According to the Centers for Disease Control, 4.5 million children have been diagnosed with ADHD as of 2006. Diagnostic rates increased an average of 3% per year from 1997 to 2006, so one can only imagine they have increased a bit since then. The pharmaceutical industry stands to profit immensely off ADHD treatments; Healthline says in 2008, the ADHD pharmaceutical market was worth four billion dollars.
So what if I told you a new study out of Michigan State University suggests that nearly one million kids have been misdiagnosed with ADHD? That fact alone might not surprise you, but I bet the reason will.
Todd Elder, economist at MSU says, “Nearly 1 million children in the United States are potentially misdiagnosed with attention deficit hyperactivity disorder simply because they are the youngest and most immature in their kindergarten class.” He says the youngest members of a kindergarten class are “significantly more likely than their older classmates to be prescribed behavior-modifying stimulants such as Ritalin.”
Now I don’t feel so bad about wanting to hold my four-year-old daughter back. But boys are diagnosed with ADHD much more frequently than girls. And, curiously, the CDC reports that “ADHD diagnosis is significantly higher among non-Hispanic, primarily English-speaking, and insured children.”
Elder says that up to 500 million dollars are wasted annually on unnecessary medications, with at least 80 million of that amount covered by Medicaid. More importantly, though, children are being fed drugs they don’t really need. Elder stresses that the impact of long-term stimulant use in children is yet unknown.
But let’s get back to kindergarten kids, the focus of Elder’s study, to be published in the Journal of Health Economics. Elder says, “ADHD diagnoses depend on a child’s age relative to classmates and the teacher’s perceptions of whether the child has symptoms.” Meaning, “If a child is behaving poorly, if he’s inattentive, if he can’t sit still, it may simply be because he’s 5 and the other kids are 6.”
Is it wrong to simply say, “Duh?” It strikes me as so troubling that teachers might have trouble taking that into account. But that’s precisely why so many parents hold their children – especially boys – back from kindergarten until they’re 6 turning 7. It’s a process called red-shirting, and it’s meant to give their children an advantage over the other smaller, younger kids. Obviously, it’s working.
I’ve mentioned in the past that I’m reticent to send my 4-year-old to kindergarten, despite the fact that she’ll be 5 in October – well before New York State’s December 1 cutoff date. But Elder found that “students born December 1 had much higher rates of ADHD than children born December 2.” That’s because the students born on the 1st were the youngest in their grade and those on the 2nd the oldest.

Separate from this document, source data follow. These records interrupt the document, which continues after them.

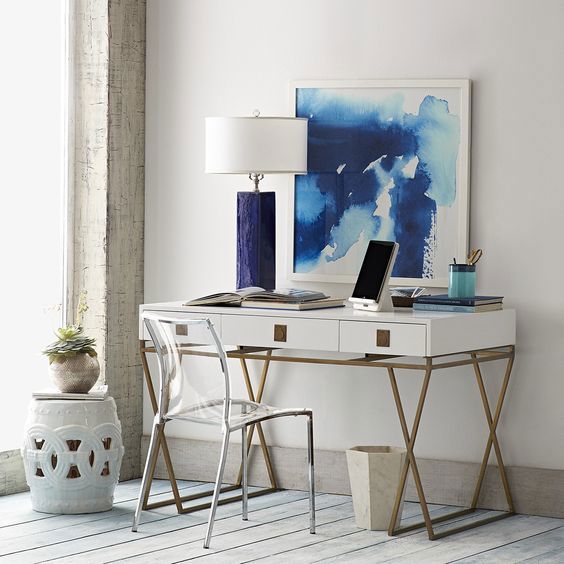 In addition to creating a sense of serenity, blue can also help you feel focused making it the perfect color for an office. Bring blue into your office space by adding some blue decor, wall art, or chairs.
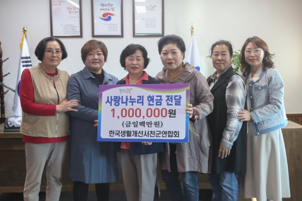 [Ytv영상스토리] 한국생활개선서천군연합회가 어려운 이웃돕기에 써달라고 사랑나누리 이웃돕기 성금 100만원을 서천군청에 기탁했다고 26일 밝혔다.
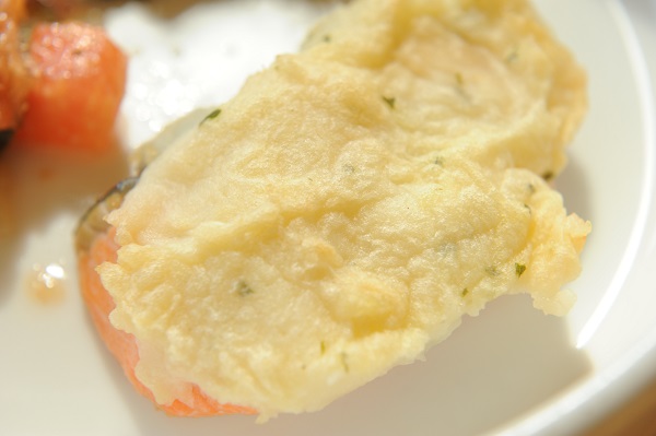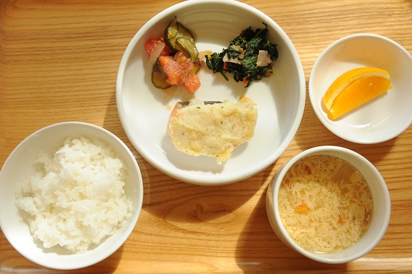 鮭のポテマヨ焼き ほうれん草のソテー 海藻サラダ 卵のコンソメスープ ☆おやつ 人参パウンドケーキ
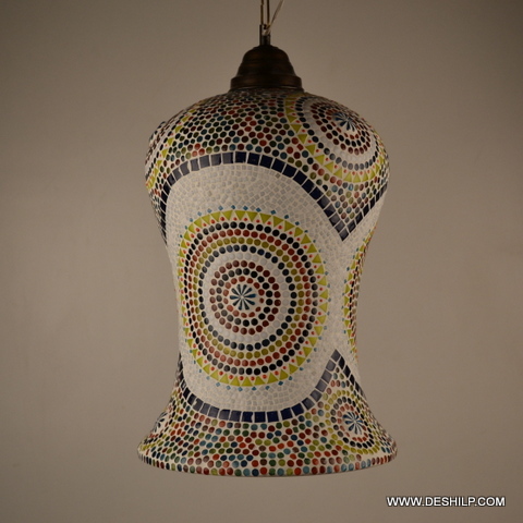 मल्टीकलर ग्लास वॉल डेकोरेटेड मोज़ेक वॉल हैंगिंग लैंप
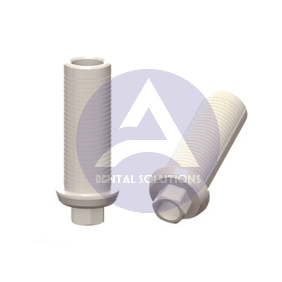 यूसीएलएएब्यूटमेंट पर पूर्ण प्लास्टिक एक मशीनीकृत सोने के एब्यूटमेंट/इम्प्लांट इंटरफ़ेस और यूसीएलए के सोने के हिस्से पर संसाधित प्लास्टिक ट्यूब के साथ निर्मित होते हैं।7, शीर्ष पंक्ति) सभी तीन प्लेटफार्म व्यास के लिए उपलब्ध हैं (3.5, 4.5, 5.7 मिमी) जबकि गैर-सूचकांक UCLA (चित्र।7, निचली पंक्ति) केवल 3.5 और 4.5 मिमी प्लेटफार्म व्यास के लिए पेश किए जाते हैं। प्रत्येक आधार एक पूर्ण किट बनाने के लिए एक अंतिम निर्धारण पेंच के साथ पैक किया जाता है।
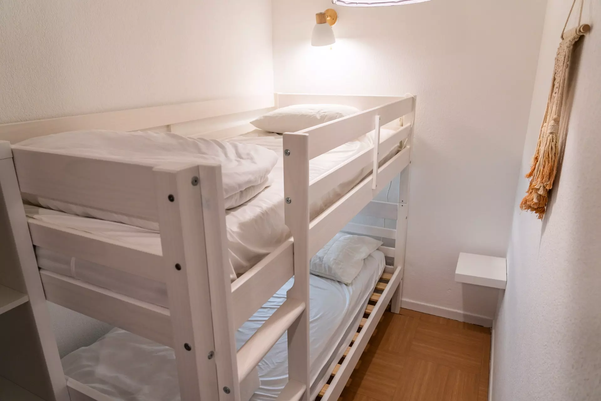 On the sleeping side, you will have a bedroom with a double bed 140 x 190 cm; a sleeping area with two single bunk beds 90 x 190 cm. The sleeping areas are all equipped with quality bedding, storage and a wall-mounted television in the double bedroom.

Elder notes that a teacher’s assessment is not enough to diagnose a child with ADHD, but “their opinions are instrumental in decisions to send a child to be evaluated by a mental health professional.” Kindergartners aren’t the only ones affected by this age gap; Elder found that when that same group of classmates reached the fifth and eighth grades, “the youngest were more than twice as likely to be prescribed stimulants.”